It can be difficult to ensure that the chosen
set of analytical procedures for the prechange product will be able
to detect modifications of the product due to (1) the limitations of
the assays (e.g., precision, specificity, and detection limit) and
(2) the complexity of some products due to molecular heterogeneity.
Consequently, the manufacturer should determine:
·
Whether or not existing tests
remain appropriate for their intended use or should be modified.
For example, when the manufacturing process change gives rise to a
different impurity profile in the host cell proteins, manufacturers
should confirm that the test used to quantitate these impurities is
still suitable for its intended purpose. It might be appropriate to
modify the existing test to detect the new impurities;
·
The need to add new tests as a
result of changes in quality attributes that the existing methods
are not capable of measuring. That is, when specific changes in
quality attributes are expected as a result of a process change
(e.g., following addition of a new raw material or modification of a
chromatographic purification step), it might be appropriate to
develop new analytical procedures, i.e., to employ additional
analytical techniques above and beyond those used previously for
characterization or routine testing.
The measurement of quality attributes in
characterization studies does not necessarily entail the use of
validated assays, but the assays should be scientifically sound and
provide results that are reliable. Those methods used to measure
quality attributes for batch release should be validated in
accordance with ICH guidances (ICH Q2A, Q2B, Q5C, Q6B), as
appropriate.
Characterization of a
biotechnological/biological product by appropriate techniques, as
described in ICH Q6B, includes the determination of physicochemical
properties, biological activity, immunochemical properties (if any),
purity, impurities, contaminants, and quantity.

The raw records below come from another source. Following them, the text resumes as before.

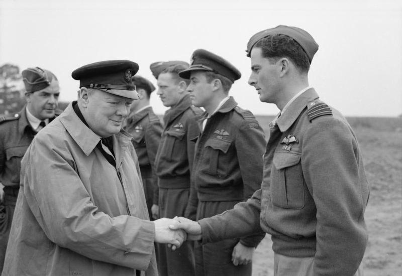 Royal Air Force- 2nd Tactical Air Force, 1943-1945. On arriving in Normandy, the Prime Minister, Winston Churchill, shakes hands with Wing Commander M T Judd, leader of No. 143 (Canadian) Wing, among a line of pilots assembled to meet him at B2/Bazenville. On the extreme left stands Air Vice Marshal H Broadhurst, the Air Officer Commanding No. 83 Group.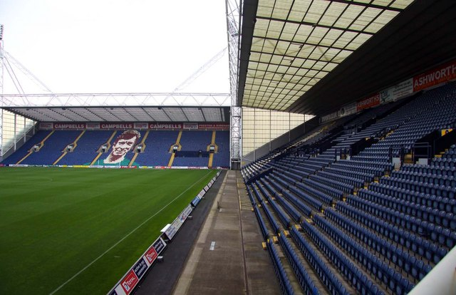 Deepdale - Home of Preston North End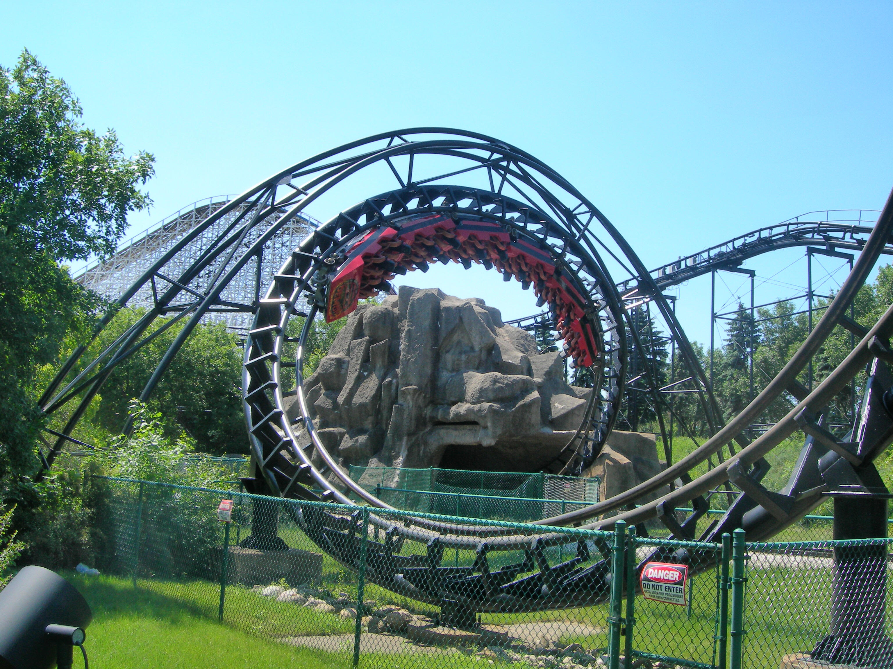 The Demon

When a manufacturing process change has been
made that has the potential to have an impact on quality attributes,
a complete or limited (but rationalized) repetition of the
characterization activity conducted for the market application is
generally warranted to directly compare the prechange and postchange
product. However, additional characterization might be indicated in
some cases. For example, when process changes result in a product
characterization profile that differs from that observed in the
material used during nonclinical and clinical studies or other
appropriate representative materials (e.g., reference materials,
marketed batches), the significance of these alterations should be
evaluated. Results of comprehensive
characterization of the material used in pivotal clinical trials
could provide a useful point of reference for subsequent
comparability exercises.
Each of the following criteria should be
considered as a key point in the conduct of the comparability
exercise:
- Physicochemical Properties
The manufacturer should consider the concept of
the desired product (and its variants) as defined in ICH Q6B when
designing and conducting a comparability exercise. The complexity
of the molecular entity with respect to the degree of molecular
heterogeneity should also be considered. Following a manufacturing
process change, manufacturers should attempt to determine that
higher order structure (secondary, tertiary, and quaternary
structure) is maintained in the product. If the appropriate higher
order structural information cannot be obtained, a relevant
biological activity assay (see biological activity below) could
indicate a correct conformational structure.

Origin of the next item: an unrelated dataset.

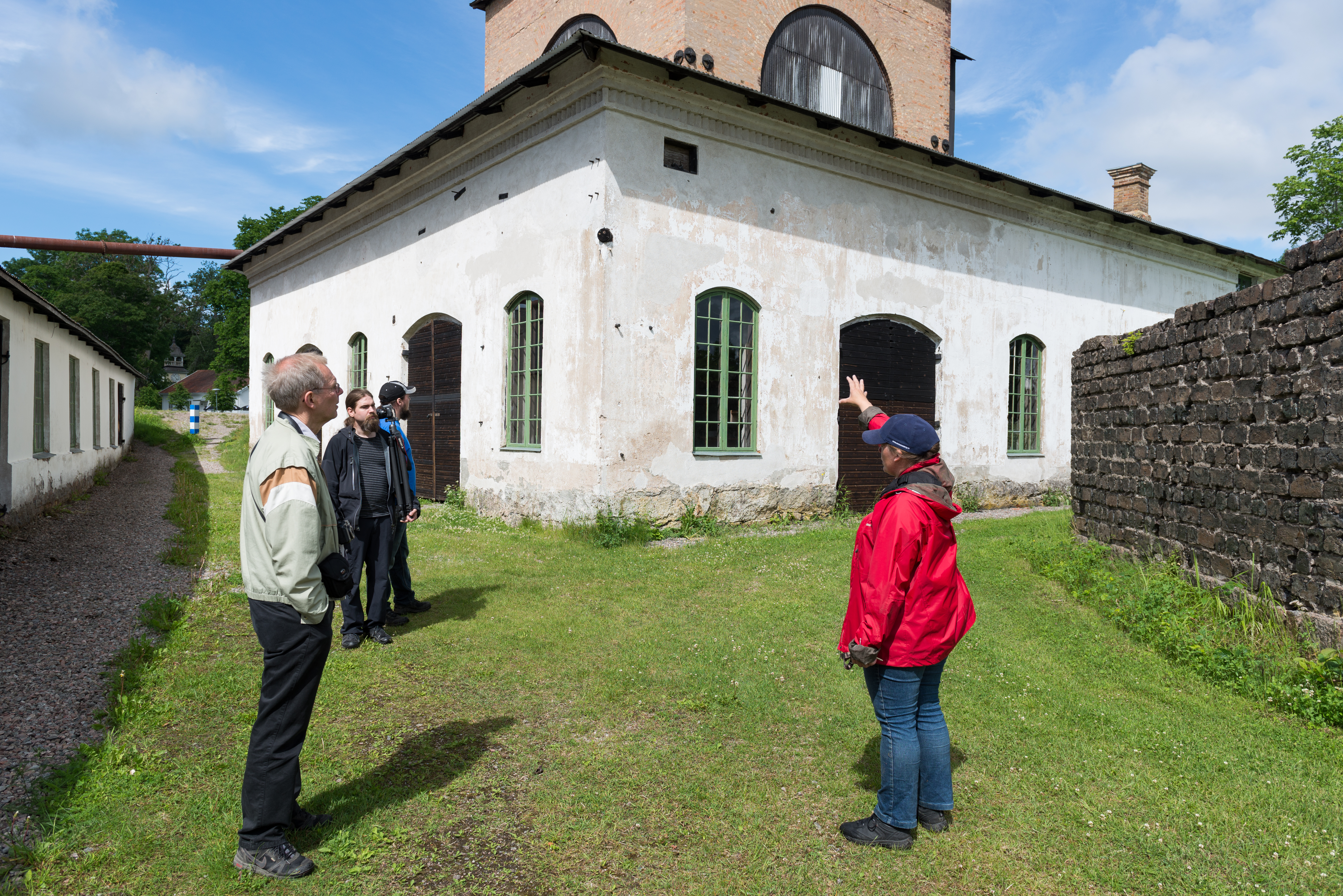 Tour Guide showing Strömsberg for some Swedish Wikipedians. Strömsberg is a old iron mill and village in Tierp Municipality, Sweden.

Biological assay results can serve multiple
purposes in the confirmation of product quality attributes that are
useful for characterization and batch analysis, and, in some cases,
could serve as a link to clinical activity. The manufacturer should
consider the limitations of biological assays, such as high
variability, that might prevent detection of differences that occur
as a result of a manufacturing process change.
In cases where the biological assay also serves
as a complement to physicochemical analysis (e.g., as a surrogate
assay for higher order structure), the use of a relevant biological
assay with appropriate precision and accuracy might provide a
suitable approach to confirm that change in specific higher order
structure has not occurred following manufacturing process changes.
Where physicochemical or biological assays are not considered
adequate to confirm that the higher order structure is maintained,
it might be appropriate to conduct a nonclinical or clinical study.
When changes are made to a product with
multiple biological activities, manufacturers should consider
performing a set of relevant functional assays designed to evaluate
the range of activities. For example, certain proteins possess
multiple functional domains that express enzymatic and receptor
mediated activities. In such situations, manufacturers should
consider evaluating all relevant functional activities.
Where one or more of the multiple activities
are not sufficiently correlated with clinical safety or efficacy or
if the mechanism of action is not understood, the manufacturer
should justify that nonclinical or clinical activity is not
compromised in the postchange product.
- Immunochemical Properties
When immunochemical properties are part of the
characterization (e.g., for antibodies or antibody-based products),
the manufacturer should confirm that postchange product is
comparable in terms of the specific properties.
- Purity, Impurities, and Contaminants
The combination of analytical procedures
selected should provide data to evaluate whether a change in purity
profile has occurred in terms of the desired product.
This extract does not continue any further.